The program will be useful because it will likely yield minority teachers, who are in especially high demand, said Penny Kotterman, the president of the Arizona Education Association. Most administrators are currently able to fill vacancies, yet the teacher workforce lacks diversity, a particular problem when schools serve mostly Hispanic students, as is the case in the Phoenix area, she said.

But not everyone is sure the concept of a high school dedicated solely to prospective teachers will fly.

“I think it is fantastic; I hope it can work,” said Susan Katzman, the director for career and technical education in the St. Louis school system, which runs a program for such students within a traditional high school. “But it is not always easy to convince young people this is a profession they should pursue.”

Students often worry they won’t make enough money as teachers, or say they don’t want to spend four years in college to earn the degree necessary for employment, she said. Enrollment in the St. Louis program is low enough, Ms.
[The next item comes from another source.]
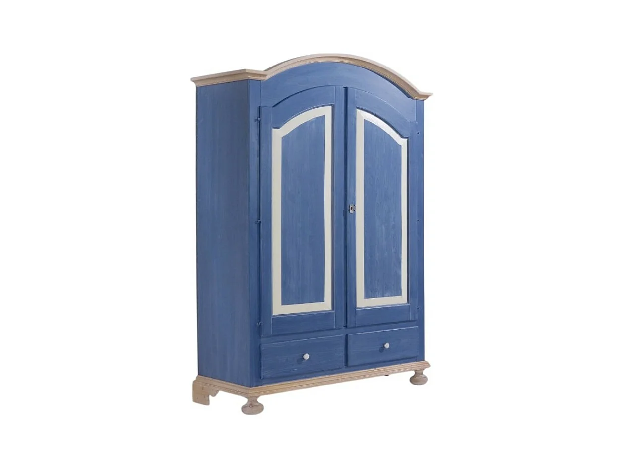 MOBILI 2G - Armadio 2 porte in legno blu e miele shabby 125x60x200 (2202)

Katzman said, that administrators are considering expanding the scope to include child-care workers.

But such initiatives can have—and have had—a positive impact on the teacher pipeline, said Janice Poda, the senior director of the division of teacher quality in South Carolina.

Her state began offering high school students education courses in 1985 and, to date, 45 percent of the 30,000 participants, known as “teacher cadets,” are now teaching. About 32 percent of those educators are members of minority groups.

“Just yesterday, I spoke with all the district teachers of the year ... and out of 65 or 70 people, eight were teacher cadets,” Ms. Poda said. “One was a finalist for national teacher of the year.”